The action was strongly supported by the then-head of Indonesia’s military, General Wiranto.
‘I saw many killed’
Yudha Korwa, who was 17 at the time of the massacre, was at the protest with a friend.
He has since been granted political asylum after escaping to Australia on a wooden boat six years ago.
“I saw so many people getting killed by the military. I saw little boy killed, old people, pregnant women and the little girl,” he said.
“One of the army hit me with a gun and my face filled with blood and I was really sacred so I pretend to die. [I heard] people yelling ‘Help me, help me’.”
His skull cracked and stabbed, Korwa was one of the few to escape. He limped away and hid for two days in a road culvert.
UNSW anthropologist Dr Eben Kirksey was a young American undergraduate then passing through Biak.
“As everyone was singing the troops started shooting into the crowds and in those initial moments people were mowed down, started falling – others started running,” he said.

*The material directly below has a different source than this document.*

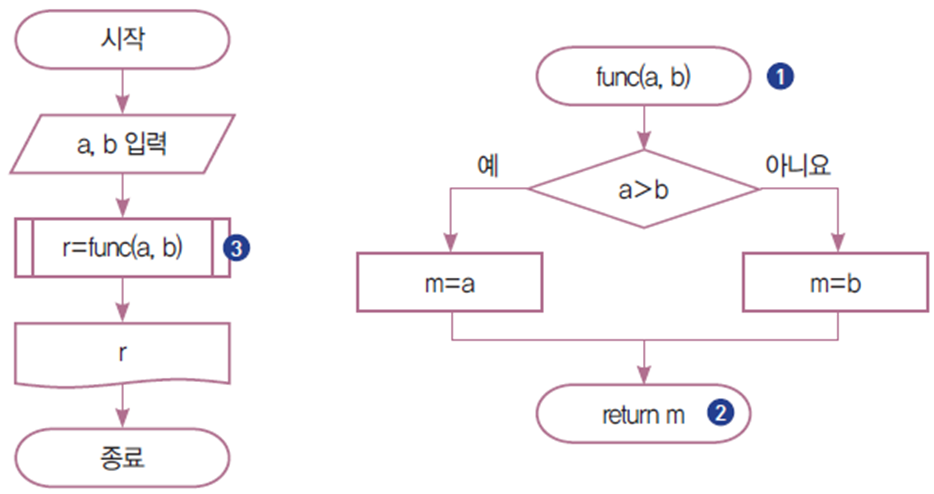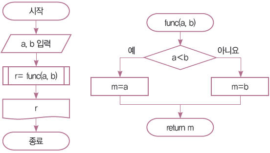함수를 이용해서 두 수중 작은 수를 찾는 순서도와 파이썬 프로그램을 작성 하여라.

“The people who survived were herded onto the harbour and as they were put on ships they could see the dead and dying from initial assault were being loaded onto trucks.”
Earlier this year at the University of Sydney, a citizen’s tribunal took evidence of what happened at Biak 15 years ago.
Testifying for the first time, Tineke Rumakabu said she saw her friend beheaded. She herself was tortured horribly.
Former NSW crown prosecutor Nicholas Cowdery was Counsel Assisting at the tribunal.
“She was burnt, she was mutilated – genitally mutilated – raped, treated in the most brutal and degrading fashion by Indonesian police,” he said of Rumakabu.
Cowdery said a special prosecutor should conduct investigations in Indonesia.
“There is the opportunity for Indonesians to provide compensation to people.”
Tribunal calls for action and says Australia should demand answers
A few months later Indonesia launched a military crackdown in East Timor – one that ultimately failed, despite similar proven atrocities against unarmed civilians.
But while world attention focused on East Timor, the Biak attack was never investigated.
The tribunal has now called on Indonesia to do just that.
“The specific mutilations of the females was a specific terror policy. It’s hard to believe human beings can behave like these soldiers,” Dowd said.
“We want those that are responsible to be brought to justice.
‘Pay a penalty’
“We want an investigation, we want criminal prosecutions, and we want people to pay a penalty for what they did to these wonderful people.
“There are investigations that can be conducted by an independent judicial body in Indonesia.
Indonesia has refused to comment on the citizen’s tribunal, which has also called on Australia take action.
“The Australian Government has a duty to the people who died and their families to expose what happened to stop it happening again,” Dowd said.